We don’t have to entertain any conspiracy theories of our own to get pointers. We're witnessing how the Establishment strives to keep a lock on which ideas remain in which spheres. To quote Noam Chomsky, they:

strictly limit the spectrum of acceptable opinion, but allow very lively debate within that spectrum

At a time when the world was in a panic about how to grapple with COVID, Silicon Valley and Establishment media waged a full-on campaign against medical ‘misinformation’. The goal was worthy, but the means were extreme. As Taibbi writes (emphasis mine):

Once envisioned as a vast democratizing tool, which would massively raise global knowledge levels by allowing instant cross-global communication between all people, [the Internet] morphed instead into a giant unaccountable bureaucracy for suppressing dialogue, run by people with an authoritarian vision for information flow.

Lab Leak and Ivermectin were deviant ideas, seen by the 'giant unaccountable bureaucracy' as too radical to be contemplated or discussed. That the COVID debate broke along political lines, in a sharply polarised country and during an election year, all but sealed the fate of these important theories. Until everything changed.

As activist citizens, hunting for truth, we need to figure out where the limits of Hallin’s spheres lie.
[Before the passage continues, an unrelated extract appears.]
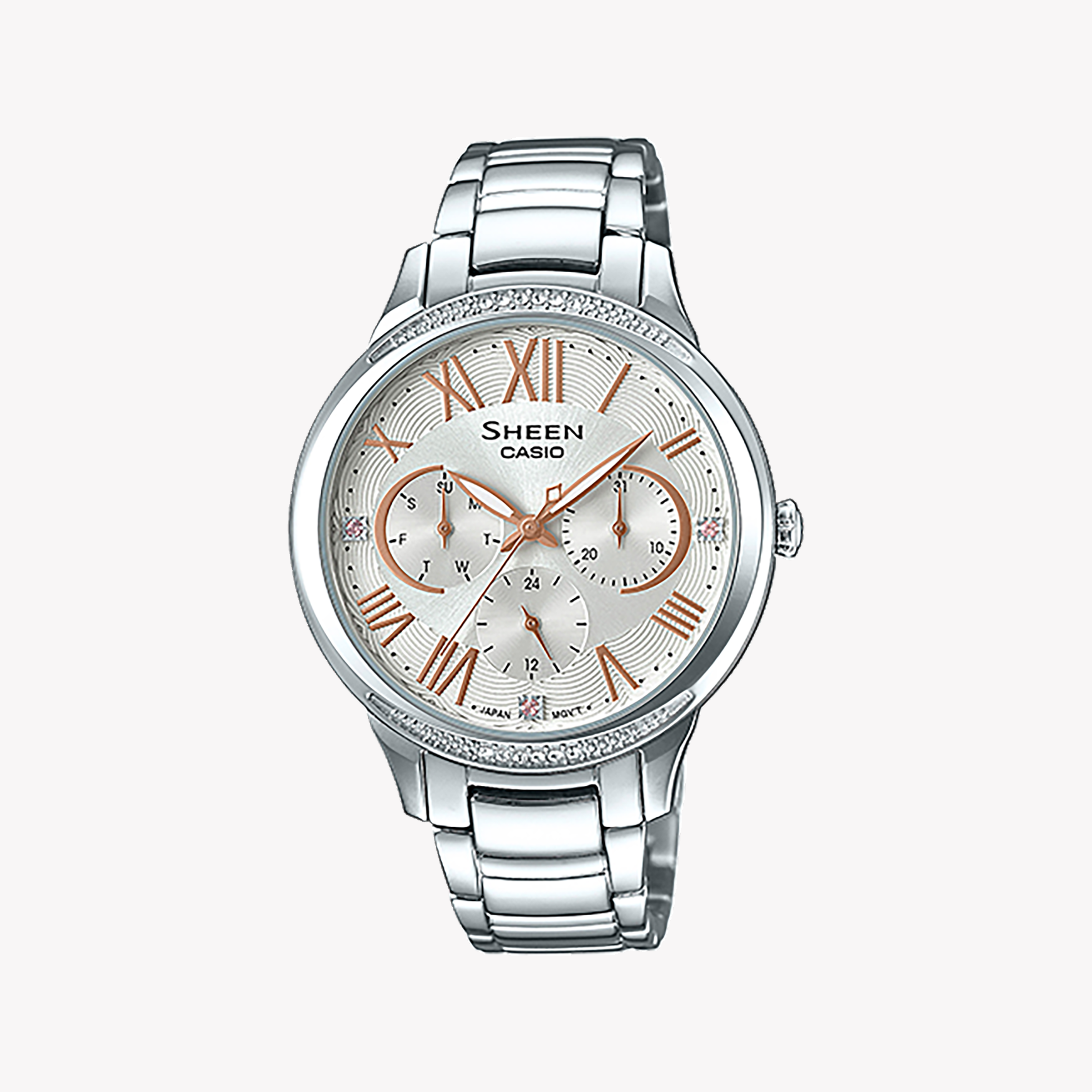 CASIO SHE-3058D-7AUDR ELEGANT ADVENTURE - ساعة نسائية خالدة بتصميم فضي مذهل

To learn who is keeping what ideas in which sphere, and why. To call these powers out when they are playing dirty.

And to do our part to push ideas between the spheres to achieve our goals.

Update 24/06/21: Joe Rogan has a new 'emergency podcast episode' on Ivermectin. And Oxford University has announced they will study the drug in a large-scale trial.


1: OK, the model is more complex in reality, as the content of the spheres shifts depending on the media landscape you're looking at, and other factors. But for us here, I think it fits.